We compared the original proposed network UNet [29] with four different architectures for colorization. First, we modified the original UNet to UNet-22, which is a UNet architecture with 22 layers, considering we removed two blocks (a UNet encoding block contains Conv2D → Relu → DropOut → Conv2D → Relu → Maxpooling2D) from the encoder and the corresponding two blocks from the decoder (a UNet decoding block contains Conv2DTranspose → Concatenate → Conv2D → Relu + Dropout → Conv2D → Relu). Second, UNet-54 is a UNet architecture with 54 layers, considering we added two encoding and decoding blocks each to the original UNet. Third, Xception–UNet [40] is an encoder–decoder architecture with Xception encoding and decoding blocks. The Xception block was proposed by Chollet et al. [41], and it comprises depthwise separable convolution (depthwise convolution + pointwise convolution). Note that this architecture does not have connections between the encoder and decoder as in the case of the original UNet. Nonetheless, it adopts residual connections from each block and the following block. An encoder Xception block comprises Conv2D → BatchNormalization → Relu → Depthwise SeparableConv2D → Maxpooling2D, whereas a decoder Xception block comprises Relu → Conv2Dtranspose → BatchNormalization → Relu → Conv2Dtranspose → BatchNormalization → Upsampling2D. Figure 2 shows the Xception–UNet architecture. Lastly, the dense convolution neural network (DCNN) is widely adopted in dense prediction tasks such as colorization [42] and denoising [43,44]. The DCNN comprises seven stacked Conv2D + Relu layers without any pooling or downsampling operations to preserve the image’s spatial size, except for the last Conv2D which has a linear activation. Figure 3 shows the DCNN architecture.

To compare the performance of the above-mentioned networks, we trained them using the same dataset (Compass-XP). We reported the PSNR, SSIM, and LPIPS for each of the previously mentioned architectures, as shown in Table 2. Xception–UNet showed the worst performance with the lowest PSNR (23.302), SSIM (0.7906) values, and highest LPIPS (0.2828) value. Conversely, UNet achieved the best performance considering it attained the highest PSNR (33.637) and lowest LPIPS (0.0144). DCNN attained the best SSIM (0.9706), which was slightly better than UNet (the difference is 0.0026); DCNN and UNET can be considered similar in terms of SSIM. Overall, UNet had the best average performance in all three metrics. DCNN and UNet-22 exhibited similar performances with close PSNR, SSIM, and LPIPS values. UNet-54, unexpectedly, exhibited the worst PSNR, SSIM, and LPIPS values compared to UNET and UNet-22, which proves that UNet has the optimal number of layers for this task and increasing or decreasing the depth of the network can reduce the performance.

6. Results and Discussion

Herein, we discuss the results obtained by measuring the PSNR for each dataset.

In X-rays, six primary colors represent materials of different objects. The brightness of the color is insignificant, considering our main task is to visually recognize the category of the material under the scanner, such as organic, inorganic, metal, etc.

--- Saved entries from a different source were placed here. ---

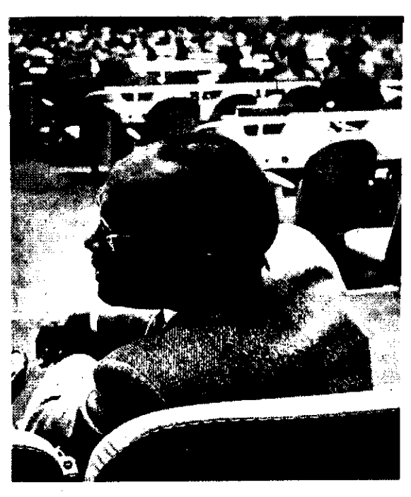
Amilcar Cabral at the United Nations.

At the same time that Cabral was referring to the increasing desertions to the PAIGC of Africans conscripted by the Portuguese, several articles cited the psychological warfare efforts of Antonio Spinola, the Governor-General and Commander in Chief of the Portuguese Armed Forces in Guinea-Bissau. Spinola is trying to "Africanize" the Portuguese troops in Guinea and already has a full battalion of African commandos. (Star [S.A.] 11/11; Revolution Afr. [Algeria] 11/10; Star [Johannesburg] 10/28)
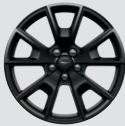
19" Ebony Black-Painted Aluminum Included: GT Black Accent Package
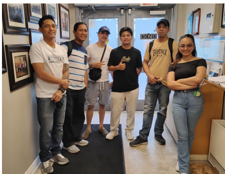
APL ESPLANADE CREW
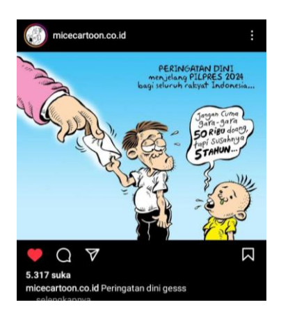
Figure 1. Example 1 from @micecartoon.co.id

There were two Instagram accounts that become research objects in this study, namely @micecartoon.ac.id and @kostumkomik. The following was an example of the type of satire language style found in the @micecartoon.ac.id Instagram account post posted on November 7, 2022.
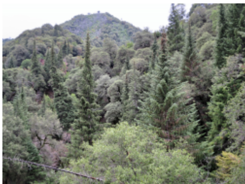
Santa Lucia fir (Abies bracteata). Miller Creek Canyon, Ventana Wilderness, Los Padres National Forest, Monterey County, C.A.
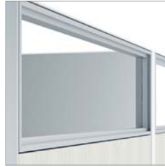
Low-profile panel glass
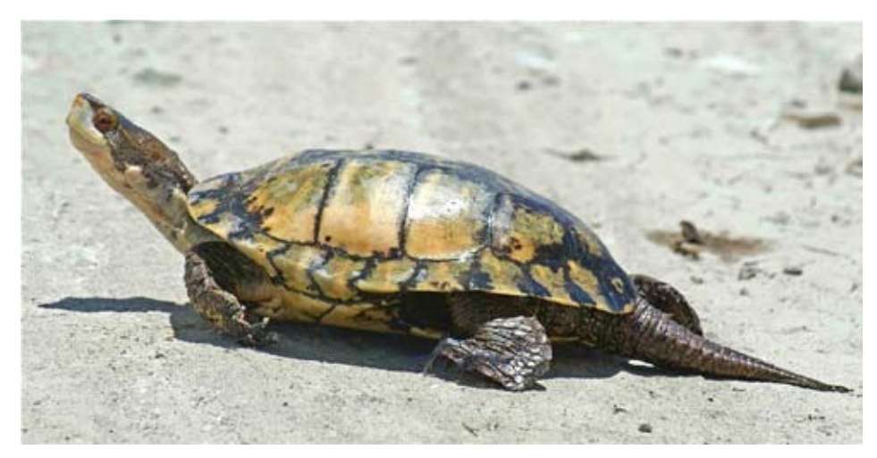
Figure 2. Adult male Actinemys marmorata from Fresno, San Joaquin Valley, California, USA.

Taxonomy. — The phylogenetic relationships of the western pond turtle, Actinemys marmorata , are in a state of flux. Recent evidence suggests that the species is distinct from the other three species of the former group Clemmys in eastern North America (Bickham et al. 1996; Feldman and Parham 2001; Holman and Fritz 2001). Feldman and Parham (2002) and Parham and Feldman (2002) presented evidence that the western pond turtle should be placed in the genus Emys , along with the European pond turtle ( Emys orbicularis ) and the Blanding's turtle ( Emys [= Emydoidea ] blandingii ), and this view has been adopted by others (Spinks et al. 2003; Spinks and Shaffer 2005). In contrast, Holman and Fritz (2001) and Stephens and Wiens (2003) believed that the western pond turtle is not closely related
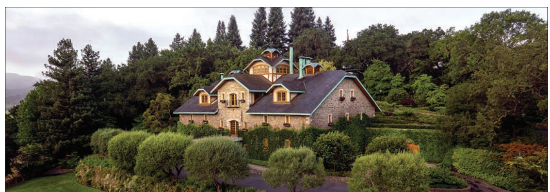
Far Niente Wine Estates in Napa Valley (above); the winery's north cave doors (top); and a selection of Far Niente wines (opposite page)

What have been the keys to the consistent strength and leadership of Far Niente Wine Estates in the industry?
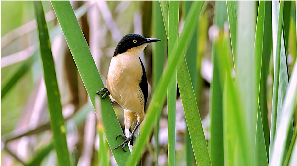
The Black-capped Donacobius is found in marshy areas from the Darien region of Panama south through much of South America.

reach, it may be necessary to walk a trail for up to two miles one-way. We will be out most of the day with a picnic lunch, returning to the camp in the late afternoon. Night at Canopy Camp.
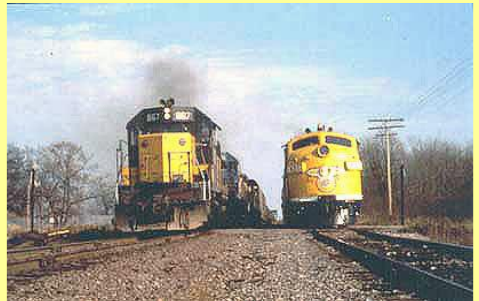
Necedah, Wisconsin in 1979 or thereabouts. No. 415, (Chicago / Itasca) is passing an inspection train coming off the connection to the MILW line to Wisconsin Rapids -- where we had trackage rights. For the historians, eng. 867 on No. 415 was the very first "production" SD-40. Another -- lesser known, C&NW first.
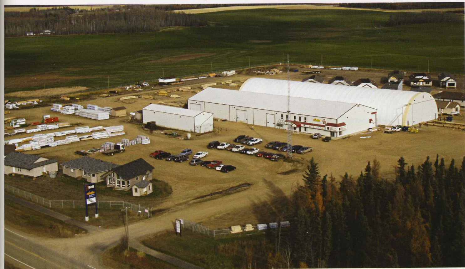
Top: Stage one of the creation of a ready-to-move home, on the production line. Bottom: Aerial view of Bold Developments.

As shown in Table 3, the model attained the best PSNR (33.6374) and LPIPS (0.0144) on the COMPASS-XP dataset for several reasons: COMPASS-XP contains clear images without any noise, and only a simple single object exists in the image, making it easy for the model to predict the colorization output. Concerning the multiple object colorization, the results obtained on the Rapiscan benchmark were the best in terms of PSNR and SSIM, considering Rapiscan, Astrophysics, Smith, and SIXray contain complex images with multiple objects that are difficult to learn precisely. The PSNR, SSIM, and LPIPS for Astrophysics and Rapiscan were similar, with Rapiscan exhibiting slightly lower values. Additionally, the model attained the best (lowest) LPIPS on Astrophysics (0.0253), which indicated that the predicted color images, in that case, exhibit features that best match the ground truth color image.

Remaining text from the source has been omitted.